Work request
Can you write out every line from the start of the records below through the line containing "Romantic illustration of", leaving out any pictures?

(Provided records begins)

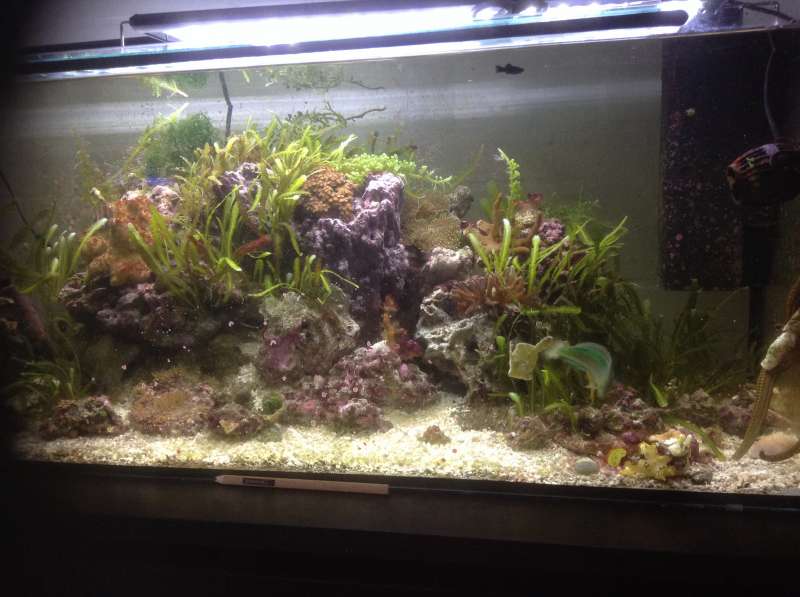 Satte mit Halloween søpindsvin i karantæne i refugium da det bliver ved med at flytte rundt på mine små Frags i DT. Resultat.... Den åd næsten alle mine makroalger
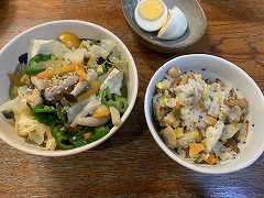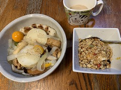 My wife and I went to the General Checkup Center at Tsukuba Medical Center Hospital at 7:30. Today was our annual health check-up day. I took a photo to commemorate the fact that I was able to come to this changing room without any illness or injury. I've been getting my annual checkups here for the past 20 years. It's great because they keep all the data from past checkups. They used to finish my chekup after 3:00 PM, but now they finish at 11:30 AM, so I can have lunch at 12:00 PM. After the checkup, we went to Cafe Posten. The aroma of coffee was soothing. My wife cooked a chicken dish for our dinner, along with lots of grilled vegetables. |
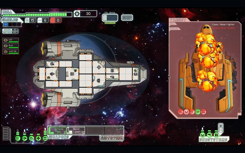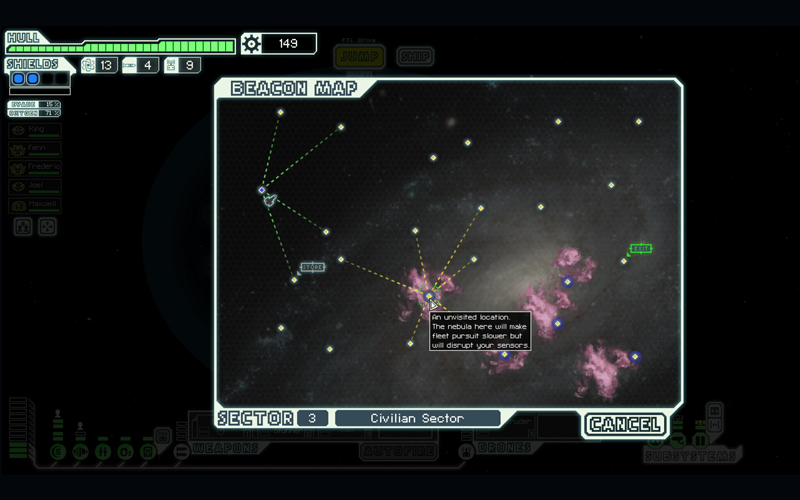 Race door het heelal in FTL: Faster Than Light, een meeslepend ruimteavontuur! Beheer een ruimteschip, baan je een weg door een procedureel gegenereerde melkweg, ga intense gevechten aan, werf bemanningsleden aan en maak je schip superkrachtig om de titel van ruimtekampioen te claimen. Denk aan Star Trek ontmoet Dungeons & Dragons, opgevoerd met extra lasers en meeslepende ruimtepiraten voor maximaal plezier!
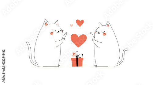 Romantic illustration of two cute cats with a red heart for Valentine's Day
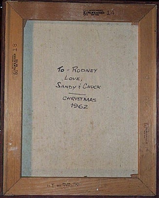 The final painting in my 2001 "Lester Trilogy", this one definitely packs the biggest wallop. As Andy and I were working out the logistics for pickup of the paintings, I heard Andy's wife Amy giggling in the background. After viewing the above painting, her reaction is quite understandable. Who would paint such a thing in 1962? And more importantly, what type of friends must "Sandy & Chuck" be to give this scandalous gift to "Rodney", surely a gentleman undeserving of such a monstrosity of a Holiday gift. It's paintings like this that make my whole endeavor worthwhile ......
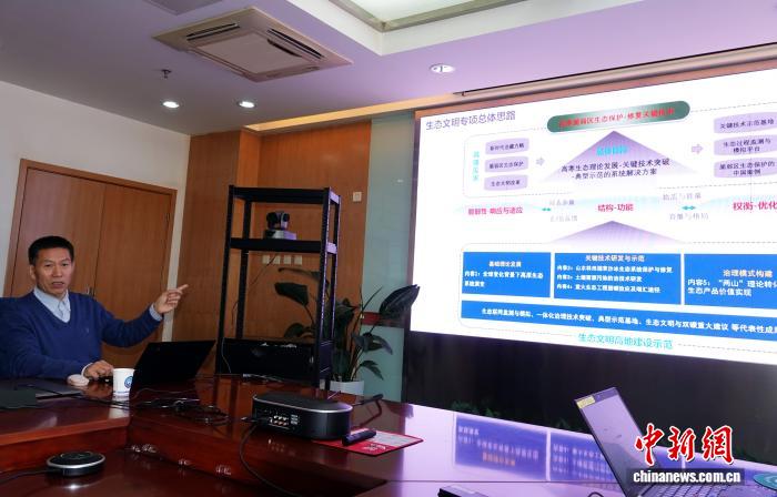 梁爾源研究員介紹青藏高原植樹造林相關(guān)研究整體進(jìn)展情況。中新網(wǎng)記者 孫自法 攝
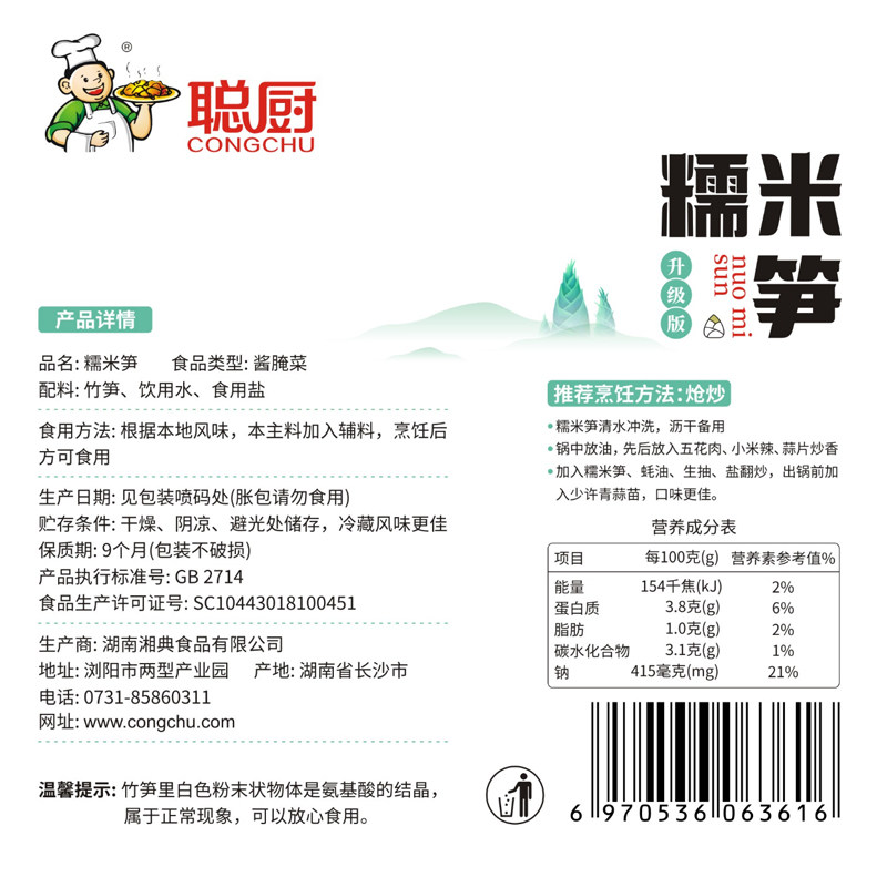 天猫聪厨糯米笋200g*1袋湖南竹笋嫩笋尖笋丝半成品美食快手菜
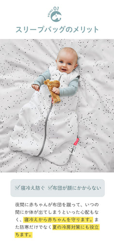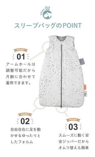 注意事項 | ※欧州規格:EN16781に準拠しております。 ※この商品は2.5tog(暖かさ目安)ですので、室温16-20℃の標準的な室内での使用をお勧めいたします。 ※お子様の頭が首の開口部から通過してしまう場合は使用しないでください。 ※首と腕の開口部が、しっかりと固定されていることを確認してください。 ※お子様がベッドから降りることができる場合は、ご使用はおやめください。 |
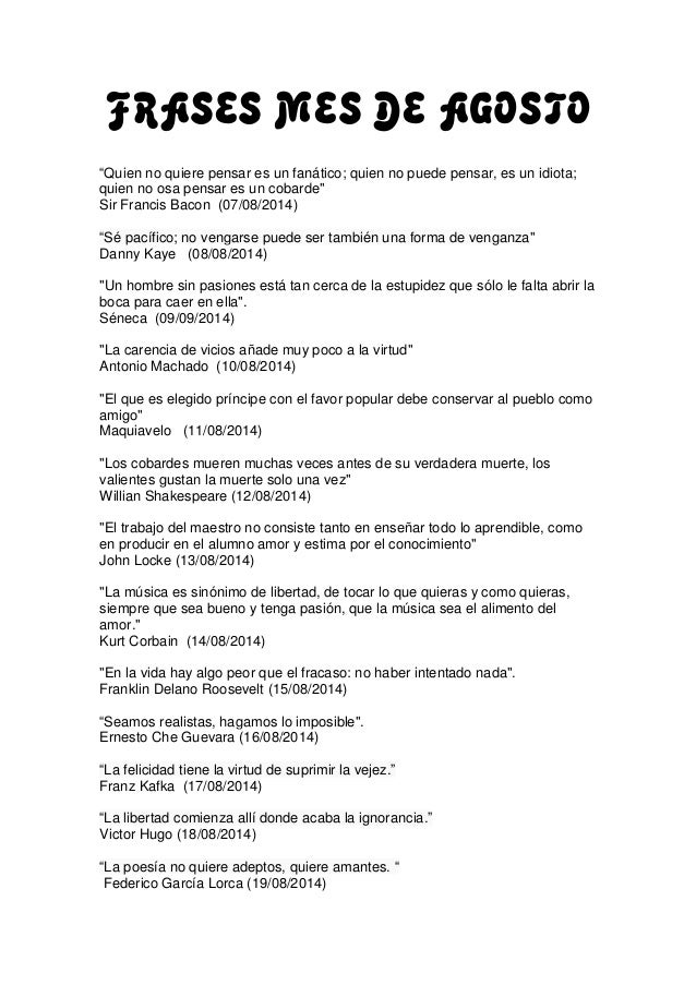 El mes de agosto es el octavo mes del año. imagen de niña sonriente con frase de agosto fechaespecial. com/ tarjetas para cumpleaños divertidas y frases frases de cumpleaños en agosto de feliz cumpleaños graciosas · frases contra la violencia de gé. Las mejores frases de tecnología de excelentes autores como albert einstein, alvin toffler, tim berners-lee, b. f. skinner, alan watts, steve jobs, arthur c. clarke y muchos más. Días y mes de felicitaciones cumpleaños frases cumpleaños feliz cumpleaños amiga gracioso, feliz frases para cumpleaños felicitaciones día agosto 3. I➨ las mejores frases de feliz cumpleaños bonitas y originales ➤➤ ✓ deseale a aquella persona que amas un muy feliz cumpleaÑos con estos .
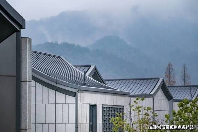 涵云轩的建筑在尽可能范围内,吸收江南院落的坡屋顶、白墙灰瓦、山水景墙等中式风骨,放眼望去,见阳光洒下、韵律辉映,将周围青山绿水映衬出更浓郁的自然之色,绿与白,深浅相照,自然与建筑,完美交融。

(Provided records ends)

Result of the exercise
 Satte mit Halloween søpindsvin i karantæne i refugium da det bliver ved med at flytte rundt på mine små Frags i DT. Resultat.... Den åd næsten alle mine makroalger
 My wife and I went to the General Checkup Center at Tsukuba Medical Center Hospital at 7:30. Today was our annual health check-up day. I took a photo to commemorate the fact that I was able to come to this changing room without any illness or injury. I've been getting my annual checkups here for the past 20 years. It's great because they keep all the data from past checkups. They used to finish my chekup after 3:00 PM, but now they finish at 11:30 AM, so I can have lunch at 12:00 PM. After the checkup, we went to Cafe Posten. The aroma of coffee was soothing. My wife cooked a chicken dish for our dinner, along with lots of grilled vegetables. |
 Race door het heelal in FTL: Faster Than Light, een meeslepend ruimteavontuur! Beheer een ruimteschip, baan je een weg door een procedureel gegenereerde melkweg, ga intense gevechten aan, werf bemanningsleden aan en maak je schip superkrachtig om de titel van ruimtekampioen te claimen. Denk aan Star Trek ontmoet Dungeons & Dragons, opgevoerd met extra lasers en meeslepende ruimtepiraten voor maximaal plezier!
 Romantic illustration of two cute cats with a red heart for Valentine's Day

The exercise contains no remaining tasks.